— Work task —
With the pictures left out, please return exactly the line holding "İthal Krep Kadın" and each following line until the entries end.

──────── Dataset entries

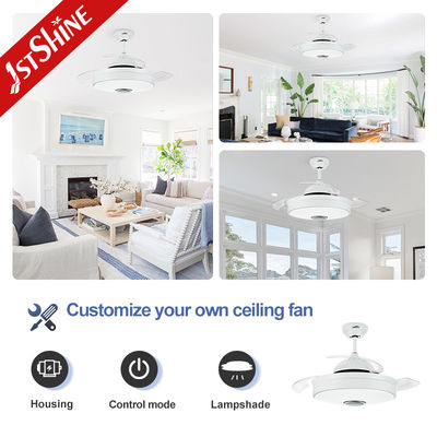 De slimme opneembare plafondventilator is uitgerust met HIFI. Een dimmable LED-lamp volgt de muziek om uw kamer op te lichten.Ook de speciale lampenscherm aan de onderkant verzacht de lichtflits en garandeert een zachtere verlichting.Laat je ruimte met je mee dansen.
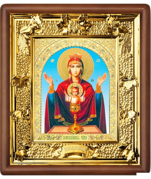 Икона Неупиваемая чаша 31-П-44 24х27 см деревянный прямой киот, лик 15х18 Софрино арочный, оклад (риза) золото
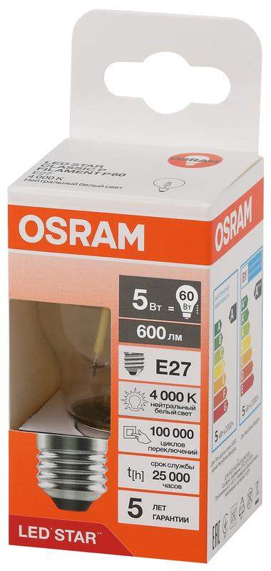 Светодиодные лампы OSRAM - разумная замена традиционным лампам накаливания или галогенным лампам. Светодиодные лампы OSRAM снижают затраты на освещение до 90% при сохранении привычного уровня освещенности. Эта лампа OSRAM серии LED Star выполнена в форме колбы P ("шарик") с цоколем E27. Материал колбы - стекло, исполнение - прозрачное. Световой поток 600 люмен, что соответствует лампе накаливания на 60 Вт. Это филаментная лампа прекрасно выглядит, а потому идеально подходит для открытых светильников и декоративного освещения. Эта лампа излучает нейтральный белый свет, угол пучка - широкий. Качество света на высоте: низкие пульсации защищают глаза, а высокий индекс цветопередачи позволяет видеть мир в его истинном цвете. Кроме того, лампы OSRAM полностью безопасны для здоровья, поскольку в них нет опасных материалов по европейскому стандарту RoHS, а также они не производят вредных электромагнитных излучений, что подтверждено ЭМС (сертификат электромагнитной совместимости). Лампа проработает долго: срок службы - 25000 часов, 5 года гарантии. Светодиодные лампы OSRAM - умный выбор для здоровья семьи и кошелька!
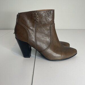 Miz Mooz Luella Brown Leather Point Toe Heeled Booties Size 6.5
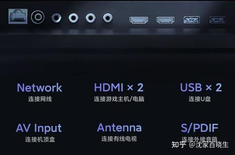 有2个USB接口、2个HDMI接口,毗连有线电视、机顶盒、网线、外接音响接口各一个型号:75D8K 尺寸:75英寸 价位:7000+
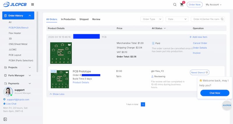 on 16 March 2026, I submitted my PCB design to JLCPCB. Since I am based in Shenzhen, I wanted to try ordering from the China website, but I was not able to sign up because I do not have a Chinese phone number.
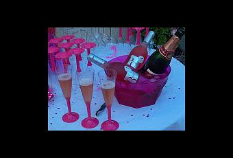 et des "aoûtiens", et surtout pour être sur le pont, dès le lendemain matin pour donner un coup de main à mes amis dans la préparation de la soirée.Virginie ayant décidé de faire un Pink Party, elle s'était lancée depuis la veille dans la décoration de sa terrasse en prenant soin du moindre détail. Le résultat était tout simplement époustouflant.
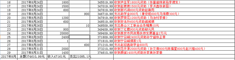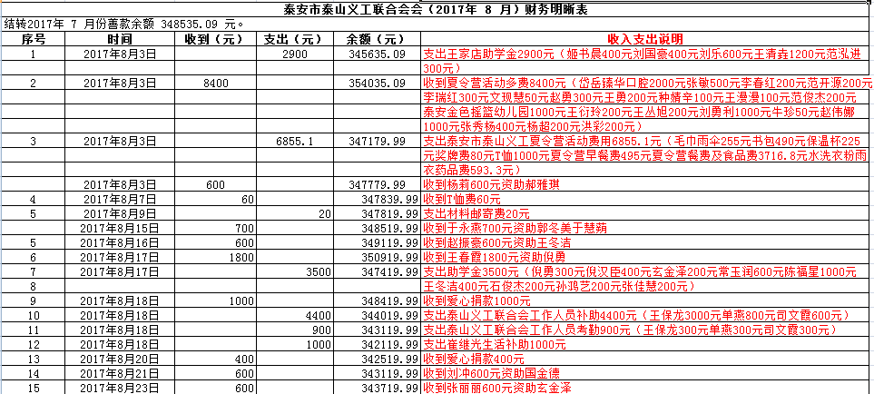 泰安市泰山义工联合会会(2017年 8 月)财务明晰表
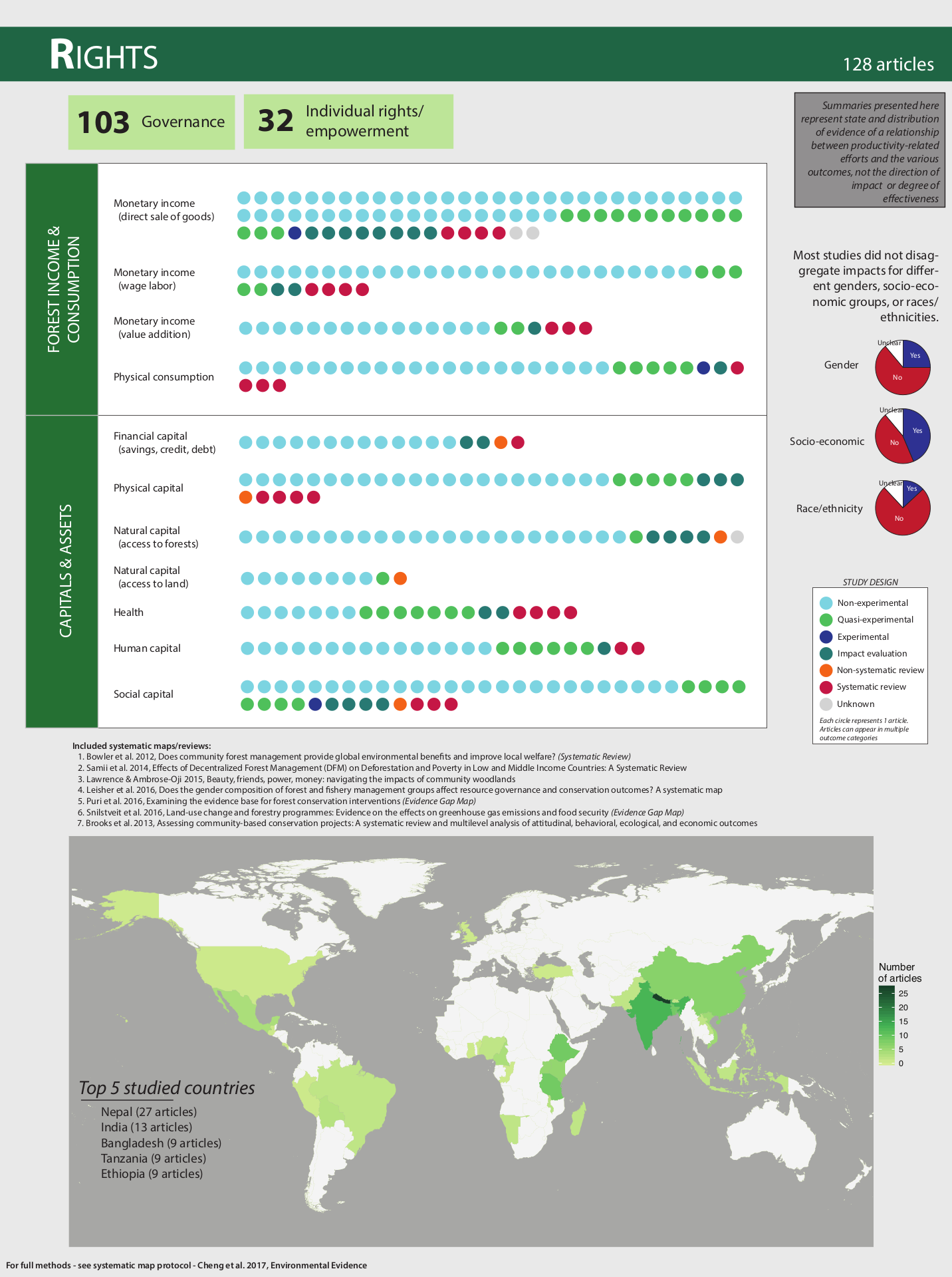 Our knowledge assessment reports that governance, and individual rights and empowerment are the most investigated topics when studying the synergies between forest and poverty outcomes. 128 articles out of the 242 focused on the actions to strength formal and/or informal rights and responsibilities of forest-dependent communities and forest managers such as governance (policies, laws and structures along with monitoring, enforcement, and compliance structures) and individual rights/empowerment (property rights, access, participation at local levels). This assessment highlighted a bulk of evidence on the links between these actions and monetary income through direct sales of forest goods, and social capital.
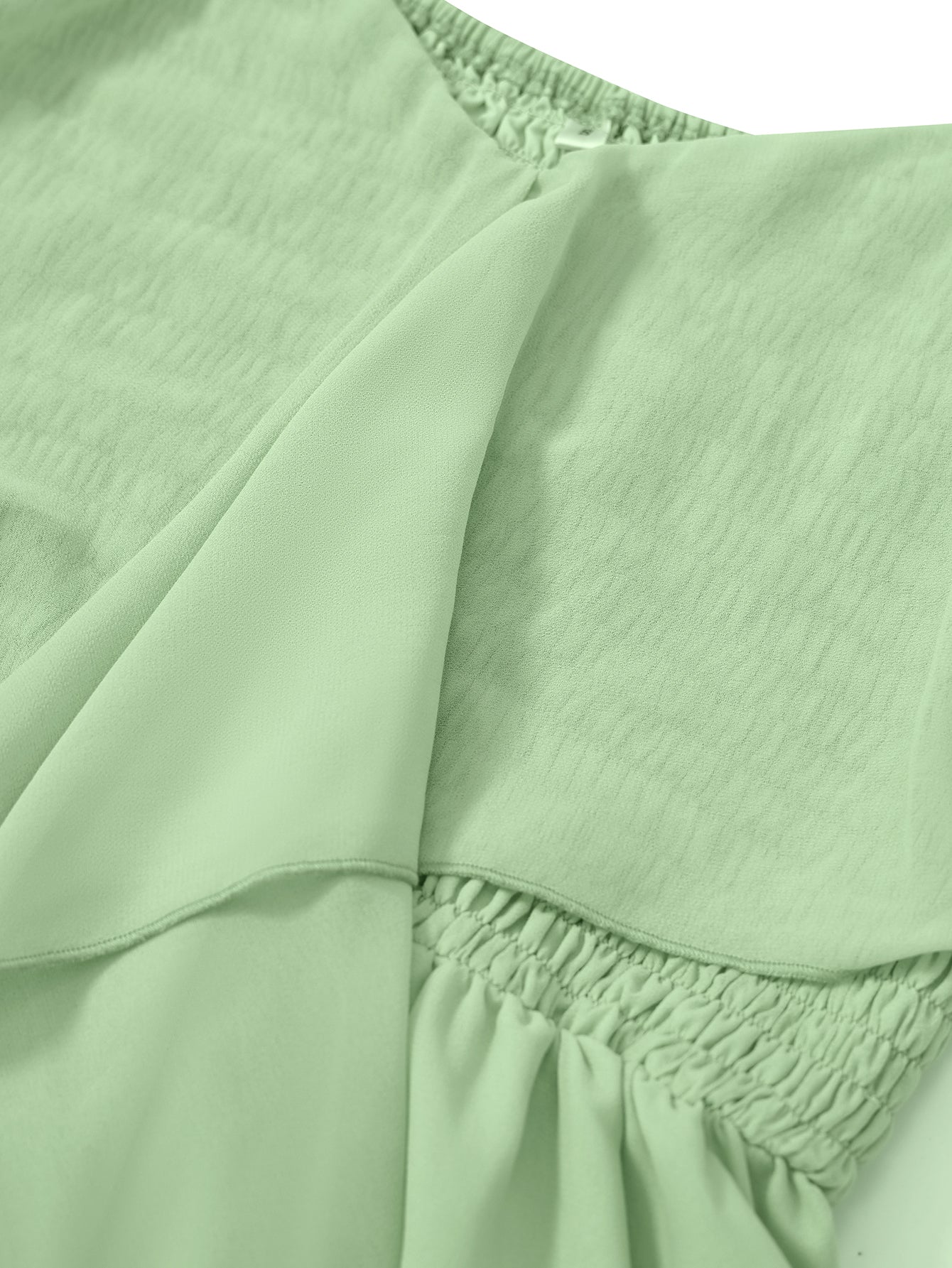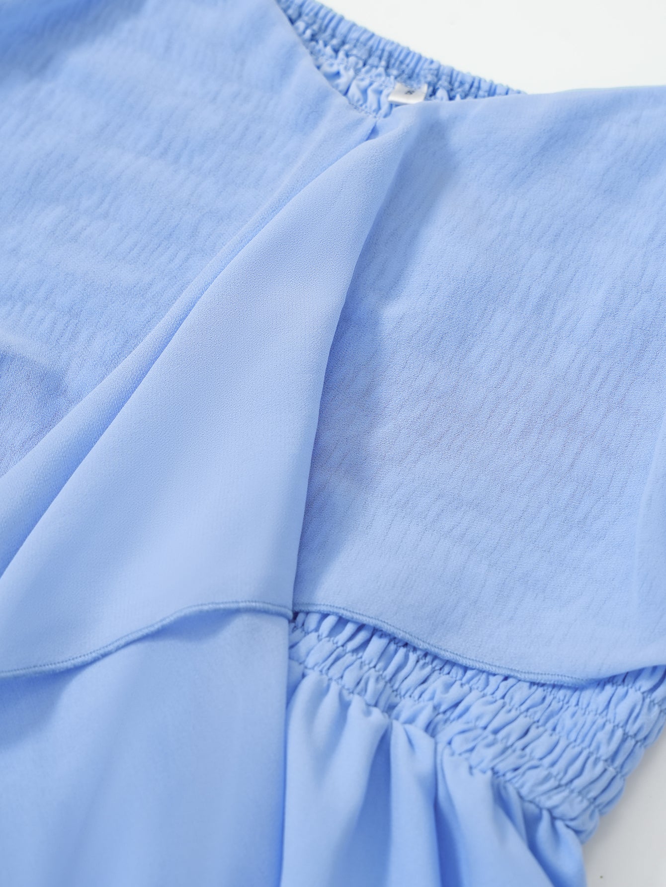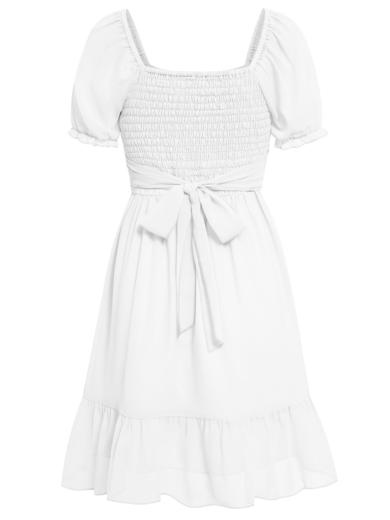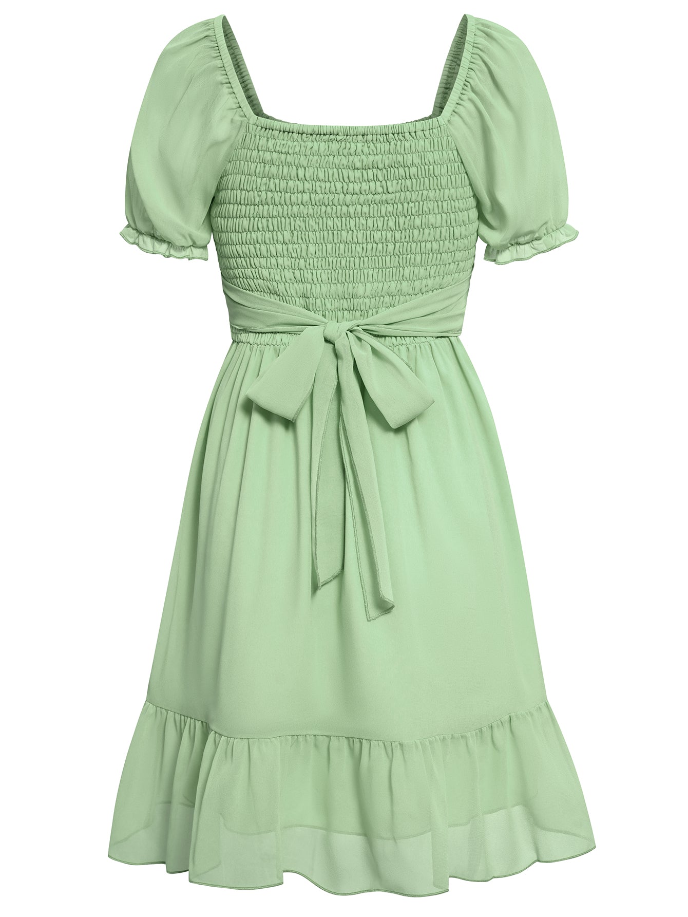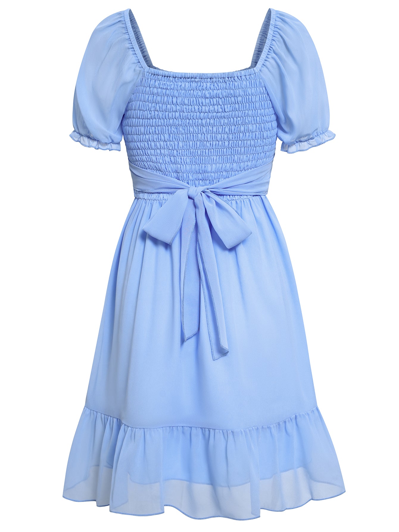 Features: Layered HEM Frenchy Sweatheart Neck Dress. Tie Back.
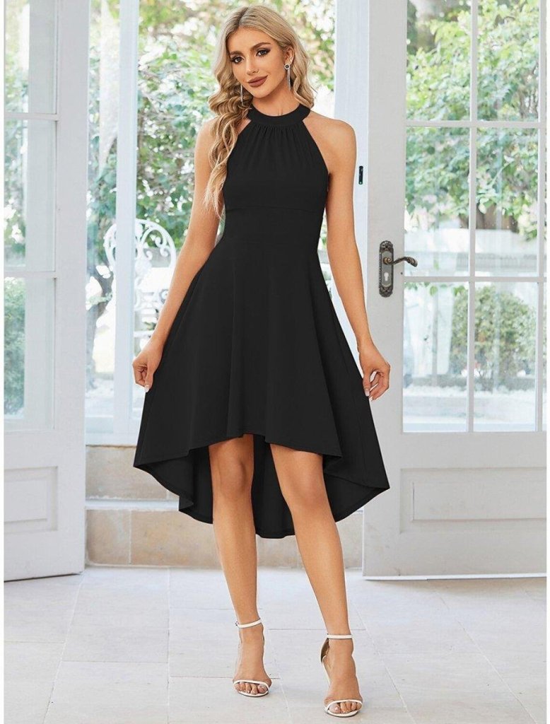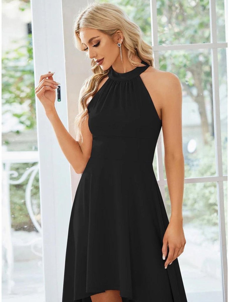 İthal Krep Kadın Zarif Duruş Omuzlardan Açık Boyundan Halka Detaylı Görünümlü Asimetrik Detaylı Kısa Elbise
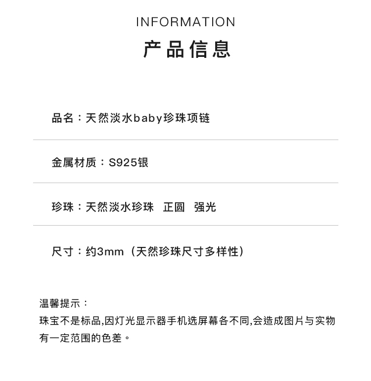 ysxb-07005【云赏珠宝】高品质天然淡水珍珠Baby珠正圆强光珍珠项链减龄显气质
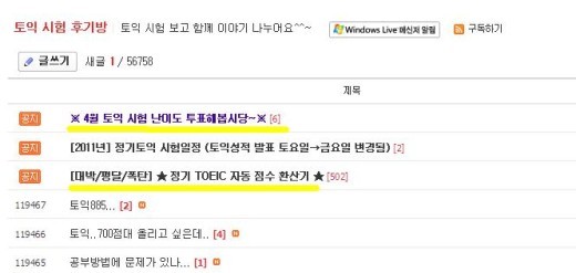 | ▲ 다음카페 ‘닥치고 취업’에 토익 난이도 투표와 토익 자동점수 환산기에 대한 게시물이 게재돼 있다. |

────────────────

— Response —
 İthal Krep Kadın Zarif Duruş Omuzlardan Açık Boyundan Halka Detaylı Görünümlü Asimetrik Detaylı Kısa Elbise
 ysxb-07005【云赏珠宝】高品质天然淡水珍珠Baby珠正圆强光珍珠项链减龄显气质
 | ▲ 다음카페 ‘닥치고 취업’에 토익 난이도 투표와 토익 자동점수 환산기에 대한 게시물이 게재돼 있다. |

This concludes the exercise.